I started this course without any knowledge on Data Analysis with Python, and by the end of the course I was able to understand the basics of Data Analysis, usage of different libraries and functions.
perfect for beginner level. all the concepts with code and parameter wise have been explained excellently. overall best course in making anyone eager to learn from basics to handle advances with ease.
By Benjamin J•
many mistakes throughout
By Hakki K•
I completed entire program and received the Professional Certificate. On the Coursera link of my certificate "3 weeks of study, 2-3 hours/week average per course" is written. This information is not correct at all, it takes approximately 3 times of that time on average! I informed Coursera about it but no correction was made. It should be corrected with "it takes approximately 19 hours study per course" or "Approx. 10 months to complete Suggested 4 hours/week for the Professional Certificate".
Here is the approximate duration for each course can be found one by one clicking the webpages of the courses in the professional certificate webpage: (*)
Course 1: approximately 9 hours to complete
Course 2: approximately 16 hours to complete
Course 3: approximately 9 hours to complete
Course 4: approximately 22 hours to complete
Course 5: approximately 14 hours to complete
Course 6: approximately 16 hours to complete
Course 7: approximately 16 hours to complete
Course 8: approximately 20 hours to complete
Course 9: approximately 47 hours to complete
This makes in total approximately 169 hours to complete the Professional Certificate. As there are 9 courses, each course takes approximately 19 hours (=169/9) to complete.
By Jennifer R•
The topic is very interesting, but the execution was poor. Code and numbers were just being read at me, instead of focusing the recorded lectures on teaching concepts and troubleshooting, and leave the code to be read by myself in the labs. Also, the quizzes along the way were nearly useless: only two questions, a "pass with at least 50%", and the questions asked were very superficial. This is the most poorly executed course I have taken on Coursera so far.
By Nizami I•
The course structure and videos are nice, but THERE ARE SO MANY ERRORS in the videos. I spent so much time to google and fix these errors. It is really terrible and I dont understand how people gave the high grade. I stopped watching videos after Week 3, because I fed up correcting their errors. Although people have mentioned it long time ago, but nothing has changed. Really shame on Coursera and IBM that have such quality!!!
By Marta O G•
By Loganathan E•
Big data analytics is becoming new norm of organization eco-system to derive data driven decisions rather than opinion based decisions
This course on data analysis with Python started with basics and covered topics on preparing data for analysis, performing
simple statistical analysis,data visualization, predicting trends and patterns to have meaningful conclusions.
Course structure is nicely organized with step by step lectures with quizzes at interim levels aided by practice session.
Course has an interactive window which is similar to Jupyter NoteBook so that learner can practice their learning within the online course itself.
Moving forward to applicate these leanings in automating domain specific tasks in my portfolio.

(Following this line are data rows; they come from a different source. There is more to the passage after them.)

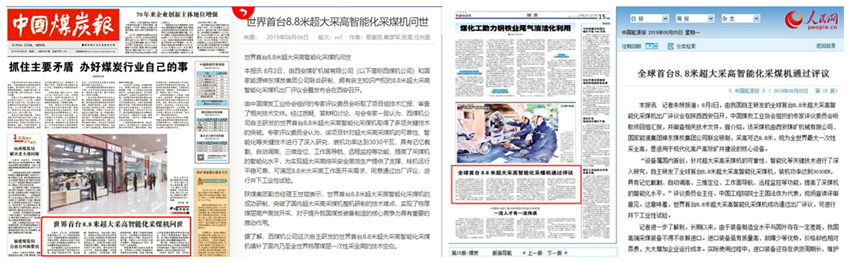 公司自主研發(fā)世界首臺(tái)8.8米智能化采煤機(jī)引中國(guó)新聞等76家媒體關(guān)注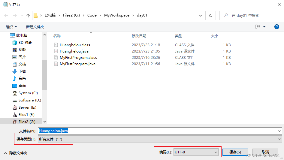编写完Java代码以后,点击在左上角文件,然后点击另存为,下方选择所有文件,编码格式选择UTF-8: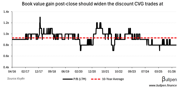 … resulting in a $2 per share book value gain post-close, further widening the discount CVG trades at.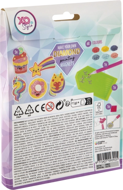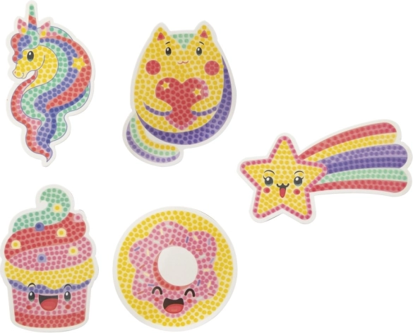 Ez a kreatív készlet a „diamond painting” kedvelt technikáját ötvözi egy praktikus, otthoni dekorációval. A mintát követve apró kövecskéket illesztesz egymás mellé, és pillanatok alatt vidám motívumokkal díszített, ragyogó mágnesek születnek, amelyek bármelyik helyet felragyogtatják, ahová felteszed.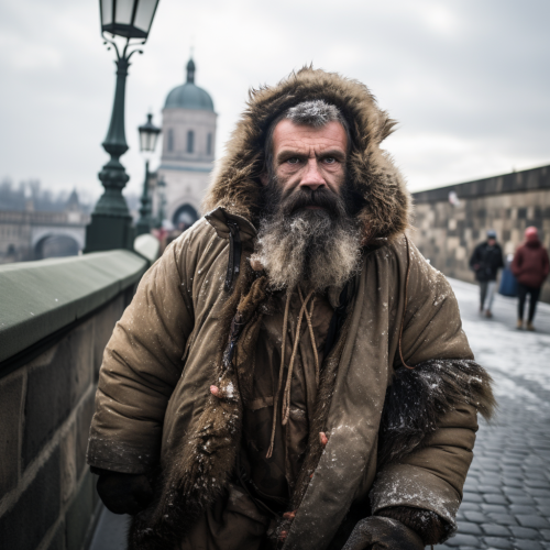 a photo of 40 years old man with big bear, in Prague - Charles Bridge, wears old money style,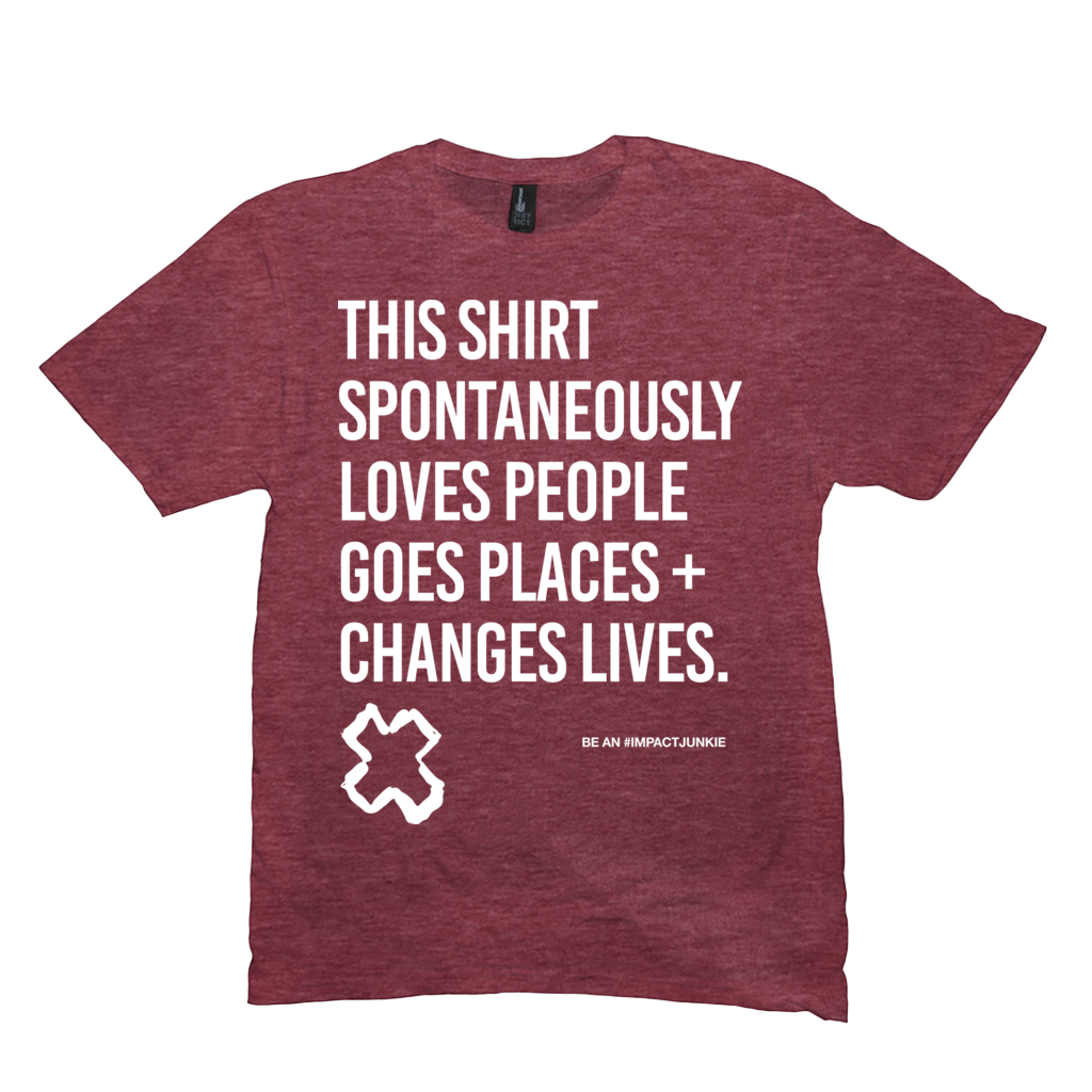 This Shirt Spontaneously Loves, Goes, Changes Lives. Red Shirt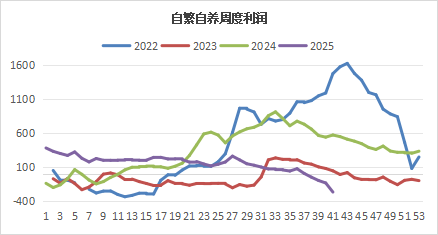 全国生猪周度平均价为5.55元/斤,较之前下跌0.53元/斤,跌幅较为显著。但日度价格的逆势小涨,显示出市场价格的复杂变化。由于阶段性的集中出栏,供过于求导致价格下行。自繁自养和仔猪育肥利润均为负值,降低了补栏积极性。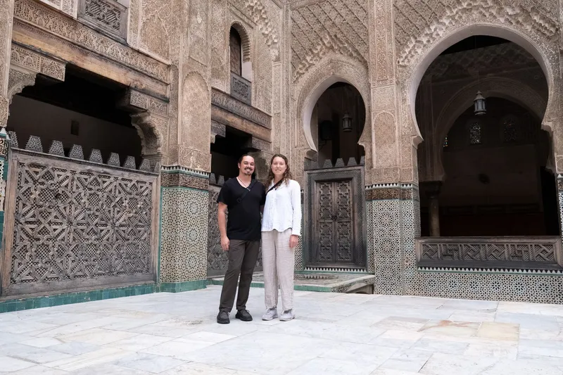 We left London and touched down in Fes, the cultural capital of Morocco. We had a bit of a chaotic time getting a taxi to our accommodation as we couldn’t speak Arabic and only minimal French (the other common language in Morocco) but we eventually got on the way. We were staying in the Medina in Fes, basically every city in Morocco has a Medina and it is effectively the term for the old part of the city predating cars and bikes and it is made up of narrow alleyways and very dense concrete buildings. Our taxi driver obviously couldn’t take us into the Medina so it was a bit confusing trying to find our way, but we somehow navigated the alleys and got to our Dar (Moroccan guesthouse).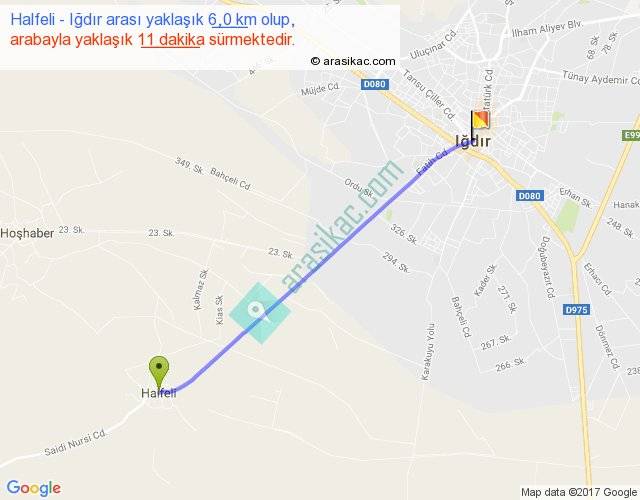 Halfeli - Iğdır arası yaklaşık olarak 90 km/h ile yukarıda belirtilen sürede olup, iki yerin kuş uçuşu uzaklığı (mesafesi) 6'dir. Yolculuk otobüsle 14 dakika sürmektedir.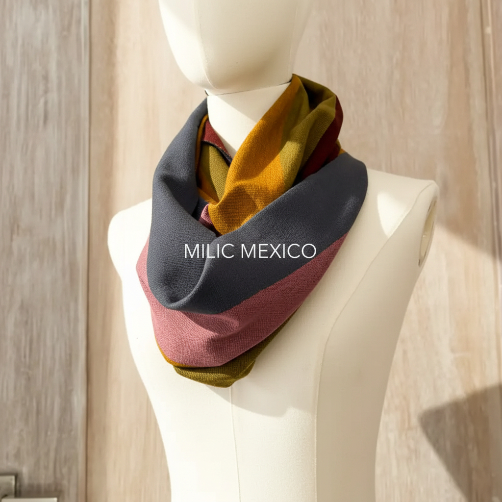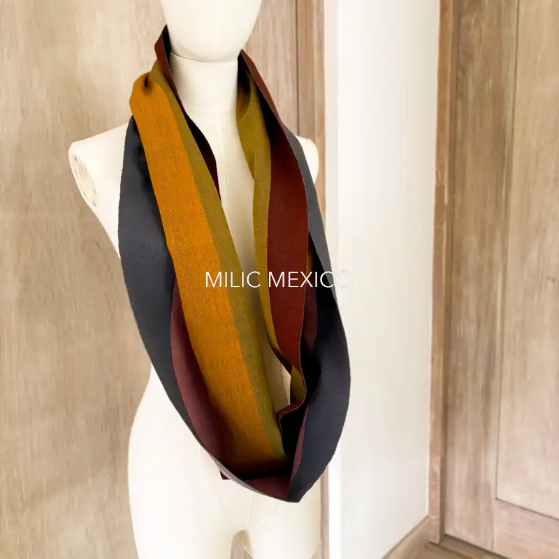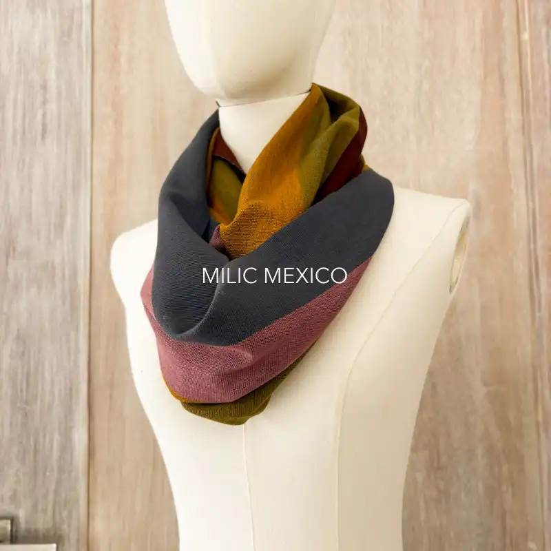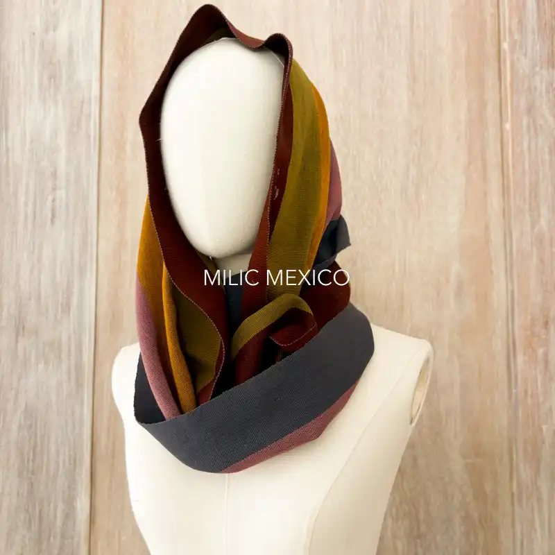 Una bufanda hecha en telar, llena de los colores de México, es un accesorio ideal para cualquier ocasión. ¡Que el frio no te opaque tu estilo! Elige siempre accesorios artesanales mexicanos.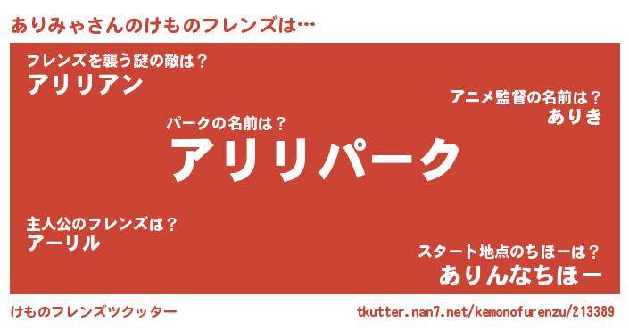 | 女子向けラノベタイトル風あだ名 | 『ありみゃアンティーク』 |
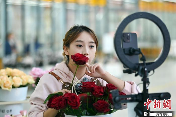 花瓣自帶絲絨感的“娜歐米”、文藝范兒十足的“紫霞仙子”、仙氣滿滿的“洛神”玫瑰……走進(jìn)鮮花港內(nèi),濃郁的玫瑰花香撲鼻而來。來自甘肅甘南藏族自治州夏河縣的鮮花港工作人員南吉卓瑪正在給玫瑰花打捆包裝。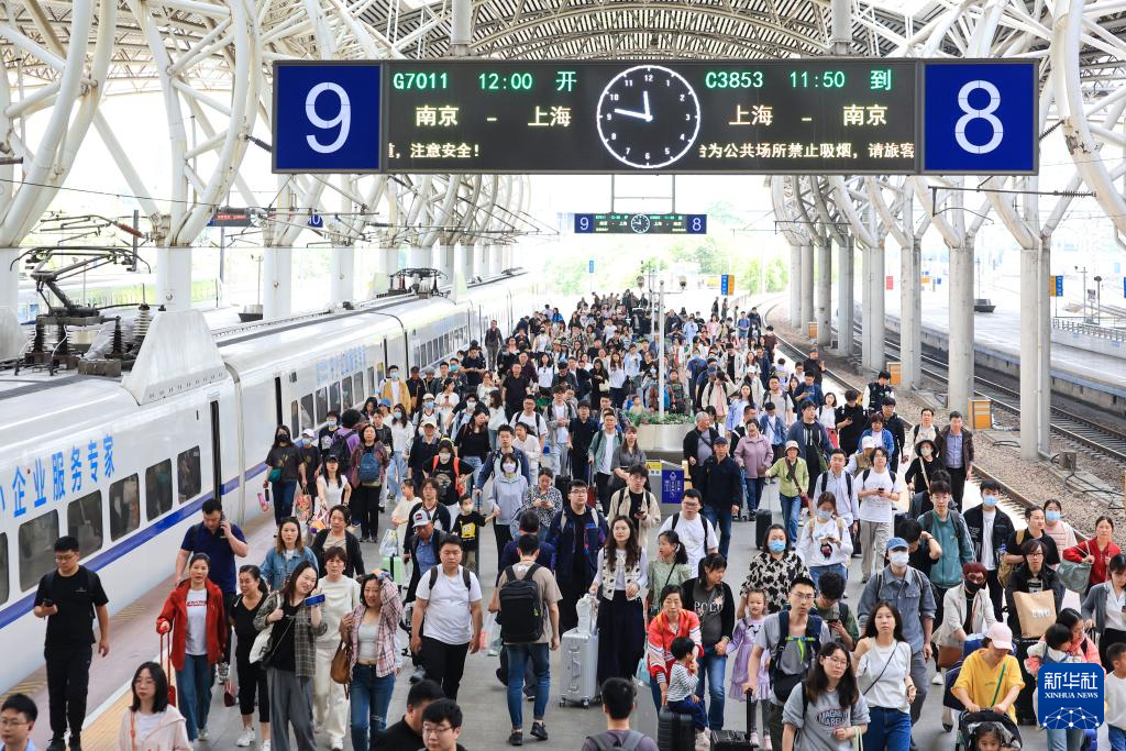 4月30日,旅客在南京火車站下車出站。新華社發(fā)(蘇陽(yáng) 攝)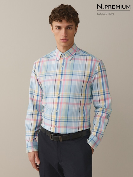 Blue/Multi Colour Regular Fit N. Premium 100% Cotton Smart Check Long Sleeve Shirt
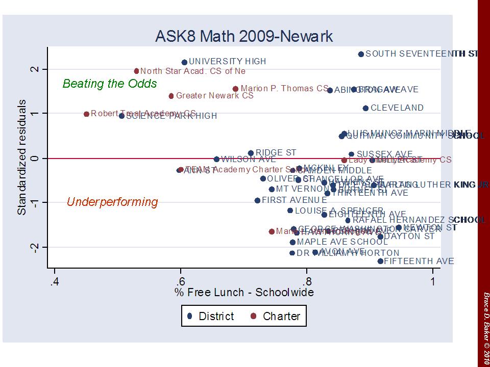 In this figure (ab0ve), we see that North Star certainly beats the odds at 8th grade. Now, we can also already see that North Star has a much lower % free lunch than nearly any other school in Newark, limiting scalability right off the bat. There just aren’t enough non-poor kids in Newark to create many more schools with demography like North Star. Not to mention the complete lack of children with disabilities or limited English language proficiency.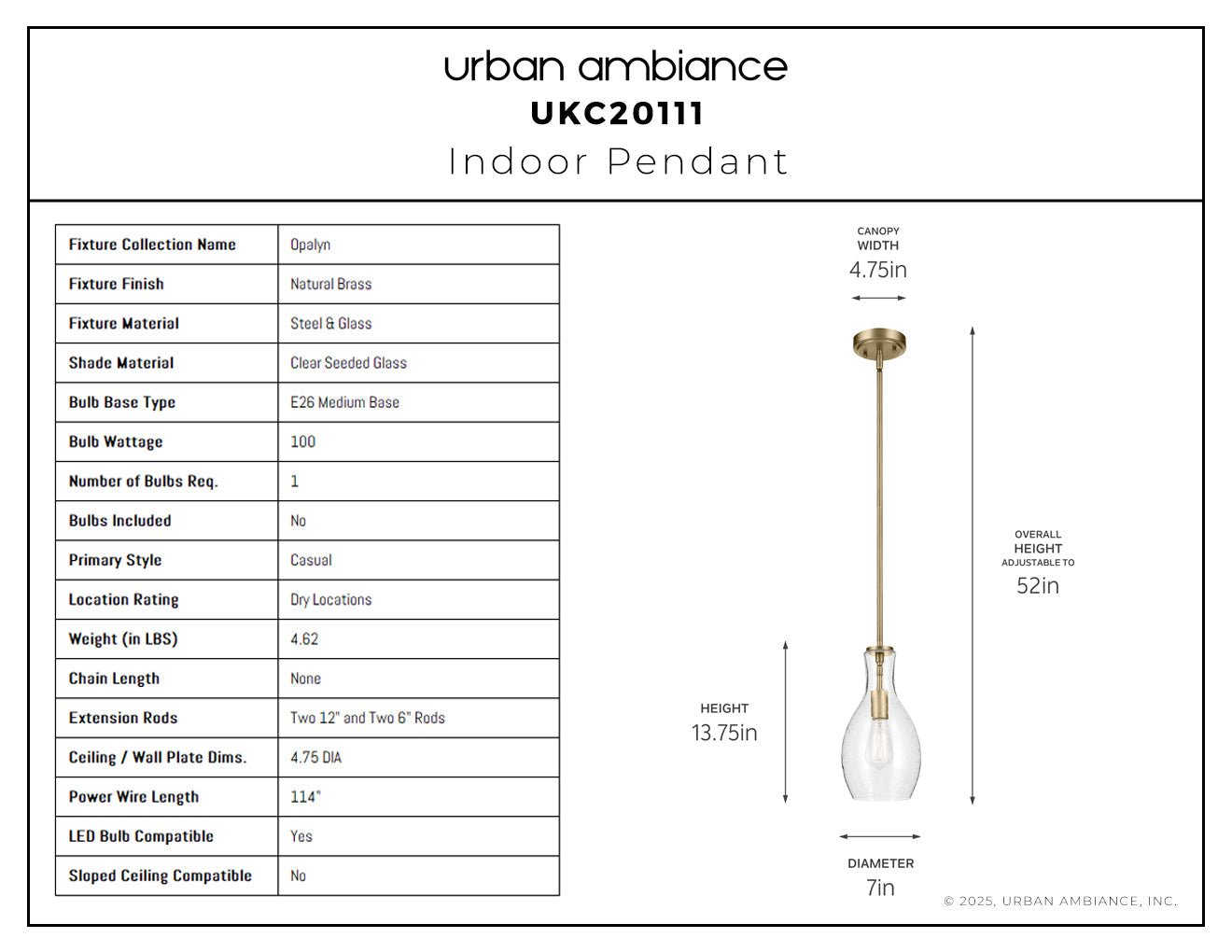 UKC20111 Casual Indoor Pendant, 13.75''H x 7''W x 7''Dep, Natural Brass Finish, Opalyn Collection

Thanks to ASHOK LEYLAND for providing opportunity to learn Digital online courses.
By Kishore B•
I read the book 'An Introduction to statistical analysis using R'. To reach to the concept of ridge regression it took about 3 months (as i can only spend an hours a day study hour) and page number > 200 for me to understand the statistical concepts of ridge regression, cross validation etc. And still I was tentative in R. Now, based on this video course and labs, the learning concepts and python implementation could just be done in 2 weeks time (spending 4 hrs on weekends). A lot of effort has been put in this course to make it sound simple. Thank you authors. Wish you continued motivation to design such courses.
By Kolitha W•
Learning is a process of blending theory and practical in equal portions to provide intellectual inputs to get tangible outputs. This course is a perfect example of it, as it consists of ample hands-on lab sessions for each module, where anyone could practice what they have been taught through the videos. The videos are super explanatory, where even a beginner could learn from scratch with passion and love. I take this opportunity to thank all the instructors, resource providers and contributors, and wish you all the very best to keep your knowledge-sharing efforts with pride and joy.
By Mengting Z•
This course gives me a brief understanding of data analysis based in the use of Python. Since I have already had a foundation of the basic knowledge of coding with other programming language, this course started with introducing several basic packages for data science followed with the use of each package. Also, in week 4 and week 5, the course provided me with the idea of generating statistical models to train our data sets. The thinking method of evaluating a model will help me a lot in my future studies in the field of machine learning and deep learning.
By Kota M•
It is an excellent course for beginners in Data Analytics. It teaches you all basic concepts required for data analysis which includes data pre-processing, data wrangling, data formatting, data normalization, data binning, Exploratory data analysis and data modelling. It also teaches you descriptive statistics including, Correlation, ANOVA etc., It also helps you with basic data visualization, Linear regression, prediction, decision making, Model evaluation and refinement using Ridge Regression and Grid Search. I find it very useful for beginners.
By Xiaowei Z•
To pass this course is really not easy as it doesn't just teach us how to code to fulfill the data analysis but it delivers a lot of relevant knowledge of statistics as well, including linear regression, polynomial regression, ridge regression, MSE, R2, ANOVA, etc. Coding is not difficult but understanding those methods of analysis is hard. so if you have little basis of statistics, you have to work harder. But I feel more confident after the course because I have gained one more skills. Keep on going and embrace the future.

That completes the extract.